SHOULD FOLK-TALES BE TERMED MODERN?

To the Editor of Folk-lore.

Sir,—In controverting the views of Messrs. Newell and Jacobs with regard to their belief in the modern origin of folk-tales Mr. Nutt seems to have swept away simultaneously the right to term them modern at all. In this I venture to think he has gone too far.

Every tale has a certain individuality of its own, in so far as it consists of a definite number of particular incidents. Eliminate one or more of these, or add a new one, and the tale immediately loses its original personality, and is transformed into a fresh variant with a new form.

It is matter of judgment, varying in each particular case, how long any set form of words can be handed down orally without material change. But certainly the time has a limit. A tale consisting of from ten to fifteen incidents, some of them but loosely attached to the thread of the plot, cannot, it seems to me, have any inordinate length of life without undergoing appreciable alteration. In a hundred years it will have lost or gained somewhat, and so on with each receding century. Should the type it belongs to consist of only two incidents, as in the Cinderella groups, the tale in some form or other might remain a variant for many, perhaps for ten or more, centuries. But here, too, there must be an ultimate limit, though it is impossible to fix it.

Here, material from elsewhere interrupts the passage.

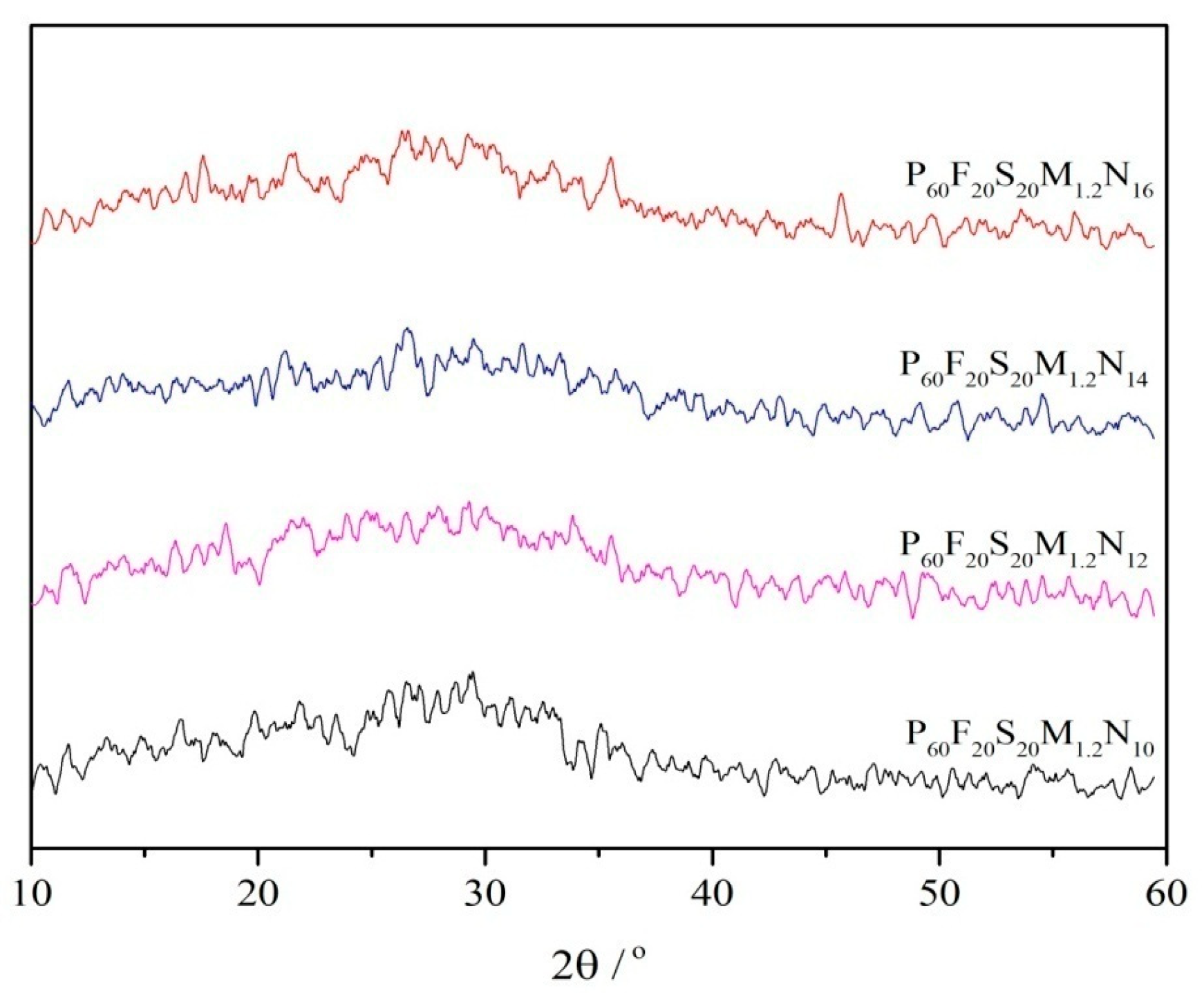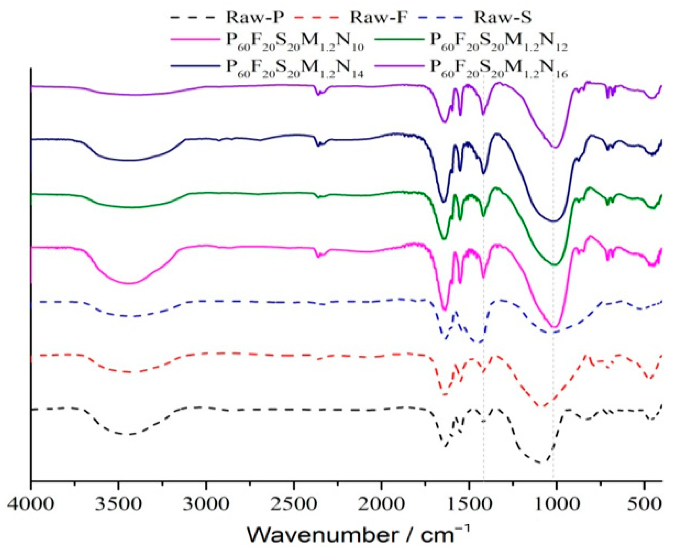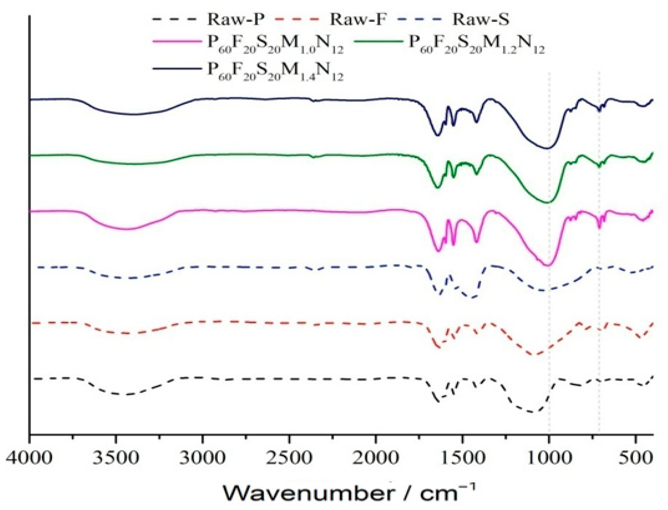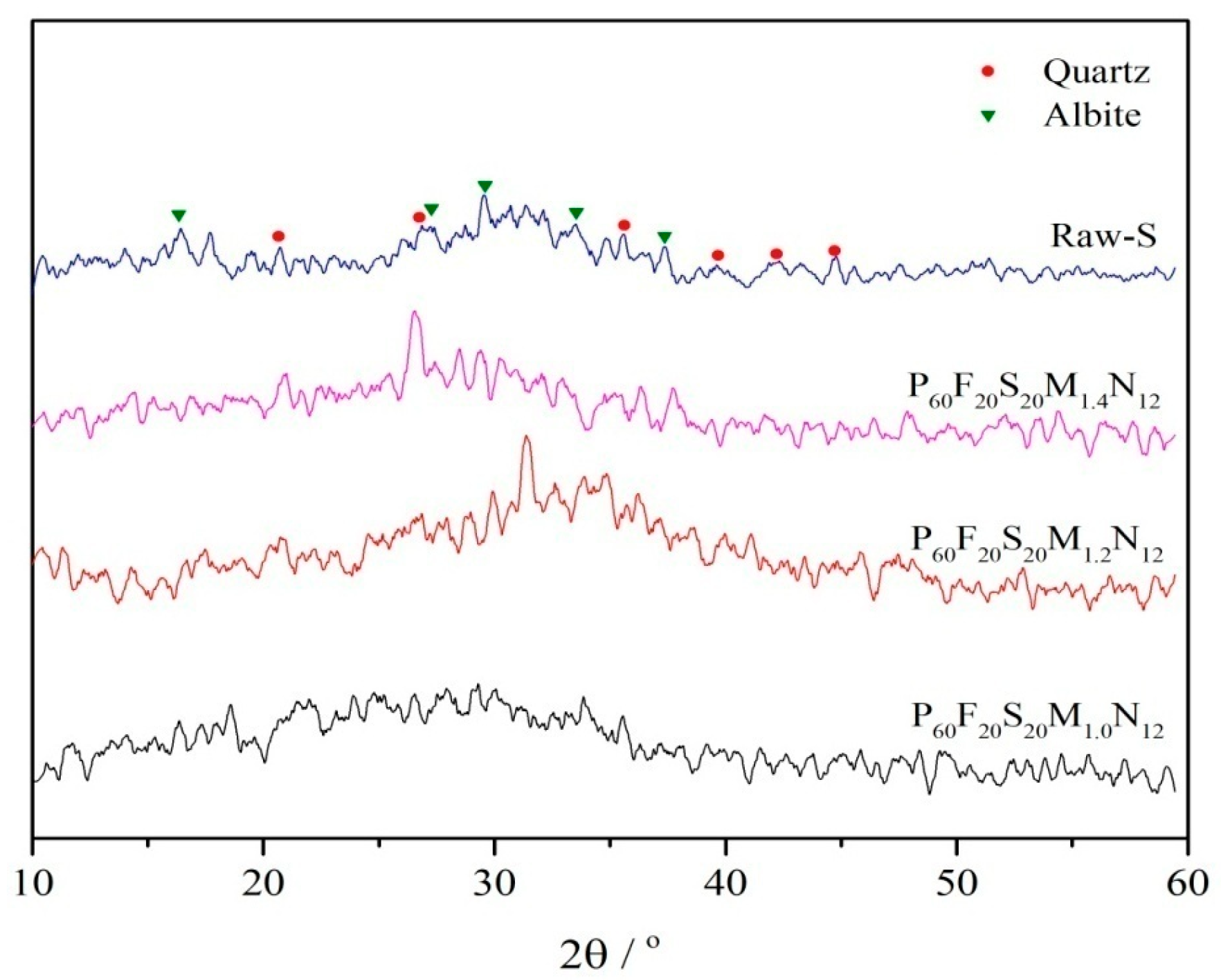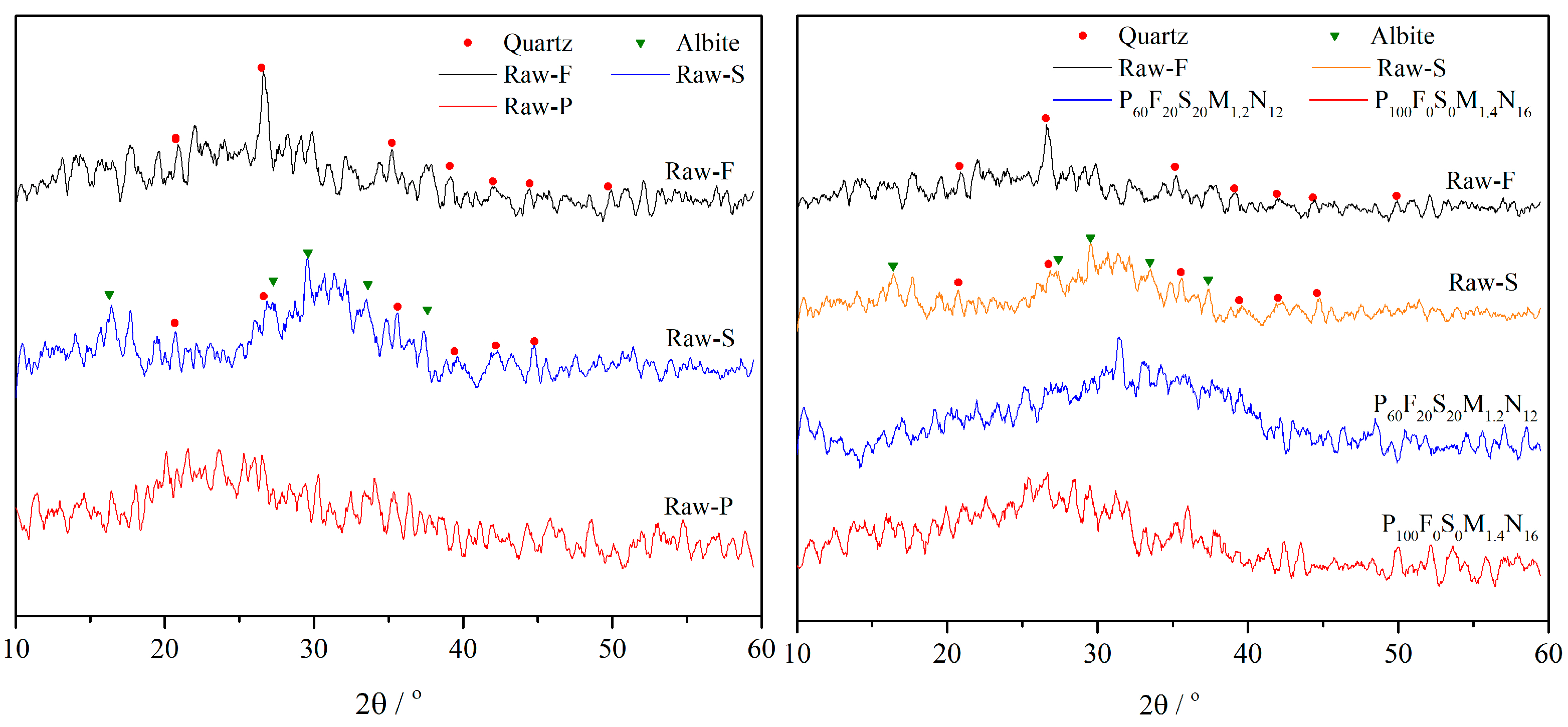 - Using the fly ash and slag–metakaolin geopolymers with the best mechanical performance as a case study, XRD analysis demonstrates that the P60F20S20M1.2N12 geopolymer exhibits minimal characteristic peaks of quartz and albite, indicating a highly complete polymerization reaction. This leads to the formation of a substantial amount of amorphous silicate gel with excellent inter-gel bonding, resulting in optimal mechanical properties. FTIR analysis further confirms that this formulation exhibits the strongest relative Si-O-T absorption peak, the highest degree of geopolymerization, the most effective alkali activation, and, consequently, the greatest mechanical strength.

Now, if this is true, and the word "modern" is taken to include a period of about 500 years, it appears reasonable and proper to apply the term modern to all tales placed on record for the first time within the last few centuries. For, in speaking of them, we mean—not tales in the abstract, but—concrete tales with a definite form at a known and not very remote date: a form which cannot possibly exist unmodified for an unlimited period. To call the existing races of mankind modern does not in the least prejudice any views one may hold as to the antiquity of man, and the same applies to folk-tales.


[I had certainly no intention of denying to the folk-tale the capacity for development, whether of motive, incident, or style, within the period defined as modern by Mr. Abercromby, and I thank him for the opportunity of removing any misconception as to my meaning. I not only admit the capacity; but the fact that it has been exercised considerably, and increasingly of late years, seems to me the strongest argument against the recent origin of the archaic elements of the folk-tale.

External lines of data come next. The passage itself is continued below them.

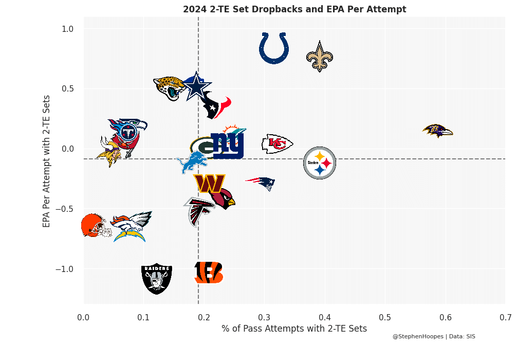 An expectation going into the season was we’d see additional 2-TE sets in 2024. And so far, we’ve seen particular teams outpacing the rest of the league on that front. The graph below shows both the use and efficiency of 2-TE sets Week 1. And while the average NFL team used 2-TE sets at about the same rate as last year, about five teams have distanced themselves from the rest of the league. That’s a significant change from last year when really just the Falcons used a massive dose of 2-TE sets. And there are a few reasons for this change.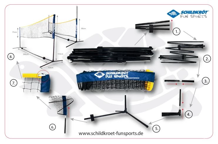 Artikel: freistehendes Netz, keine Fixierung im Boden nötig daher auch idealer Indoor-Gebrauch. Das Netz ist höhenverstellbar von 0,75m bis 1,55m, Breite 3,00m, inkl. Anleitung, in robuster Tragetasche mit Tragegurt. Technische Daten: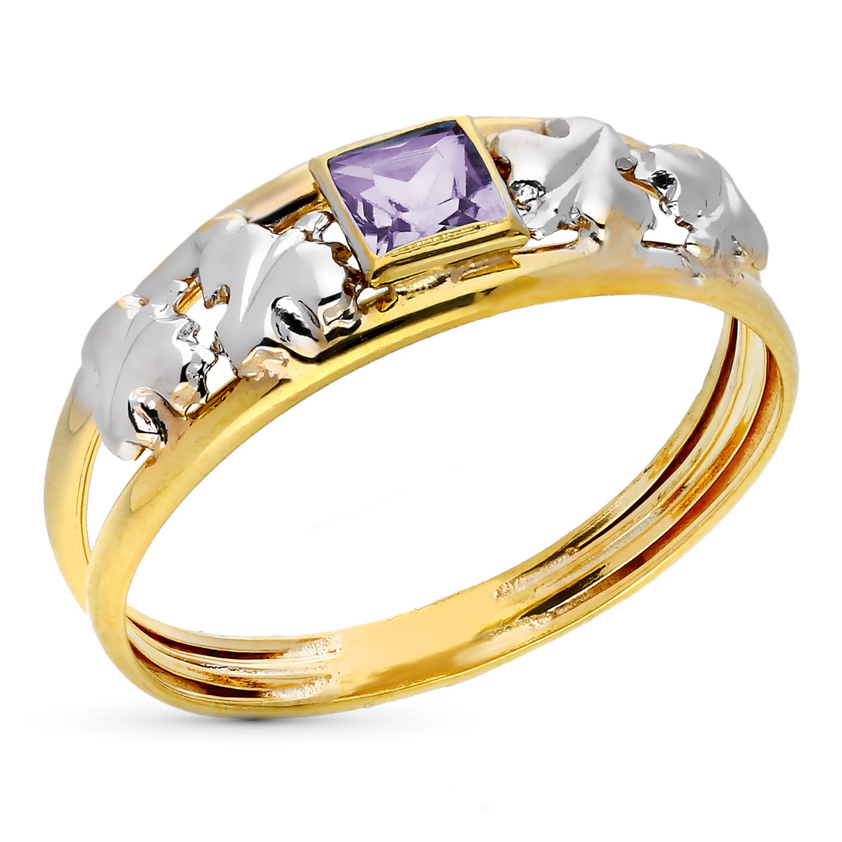 9K SORTIJA ORO BICOLOR DOBLE CUERPO CON CIRCONITA AMATISTA CUADRADA. ANCHO: 6 MM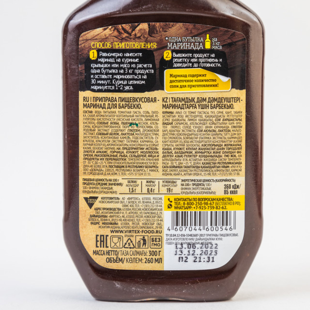 Recommended for cooking the whole range of dishes on the grill or grill. The product allows you to marinate meat in just 30 minutes, gives it a bright taste and retains juiciness. The marinade contains enough salt for cooking.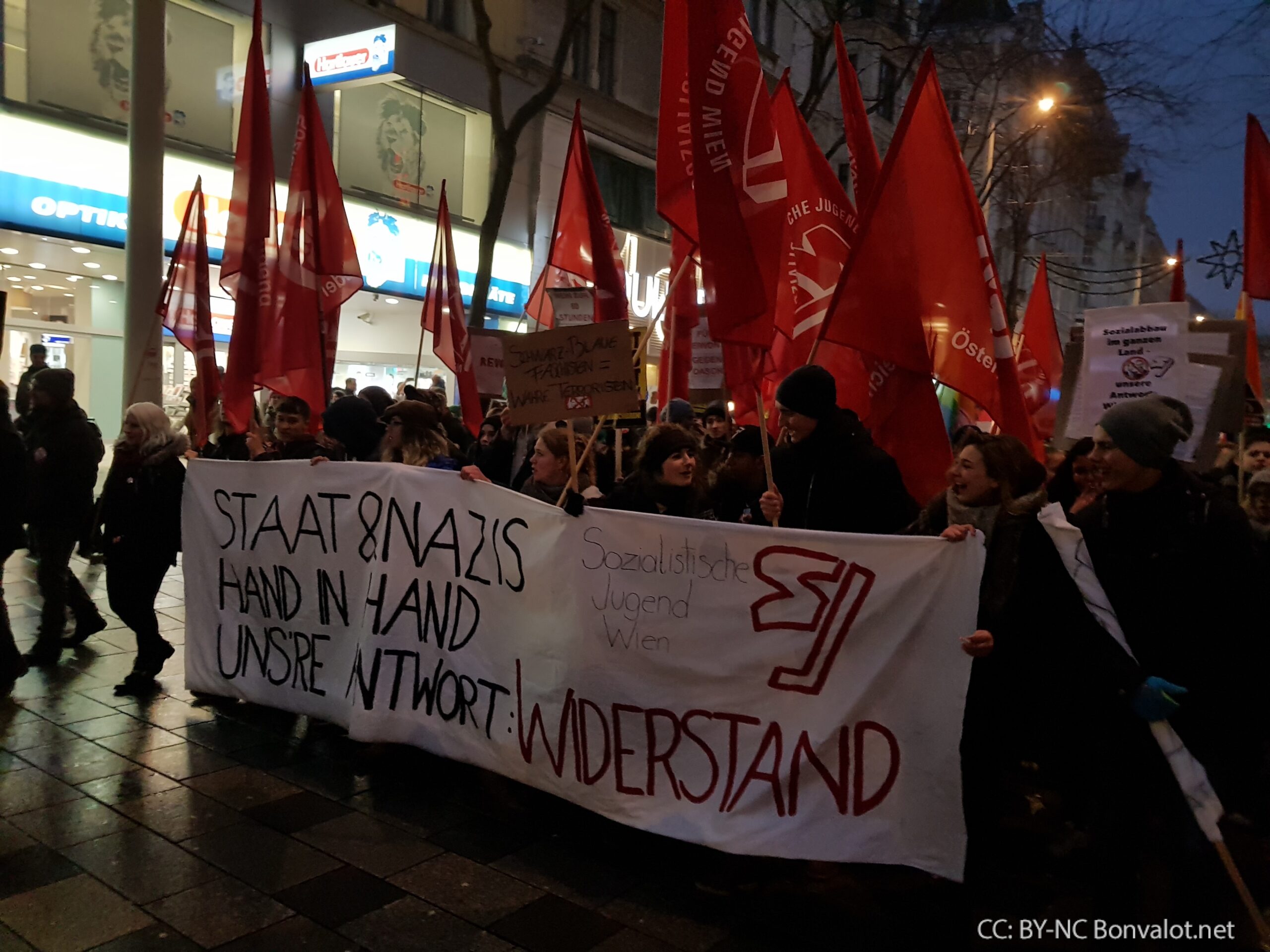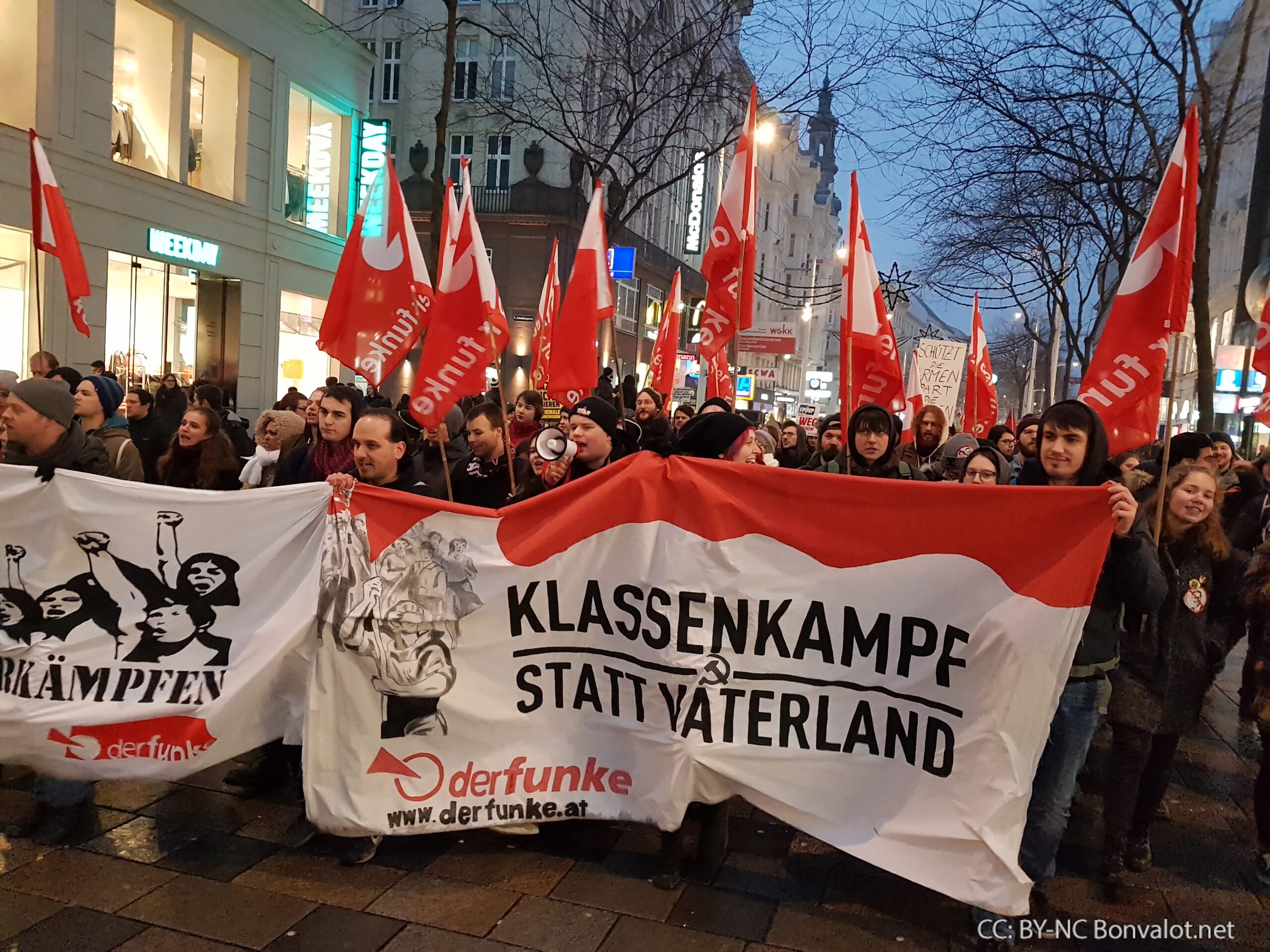 Die Kundgebung am Heldenplatz endete nach zahlreichen teils sehr kämpferischen Redebeiträgen mit den Worten „Hoch die internationale Solidarität“ sowie dem Lied „Bella Ciao“.

I can the more easily understand my having laid myself open to misapprehension on Mr. Abercromby's part, as I misunderstood his letter in one important respect. It seemed to me to postulate an archetype for each tale, all later versions of which are departures from the purity of the original standard. On my urging objections to this view, he wrote: "I demur to being credited with believing in a single archetype from which all others of the same type have sprung. On the contrary, I regard the type merely as the fundamental incidents common to a group of tales which may have had half a dozen or more origins"—a statement with which I find myself in complete accord.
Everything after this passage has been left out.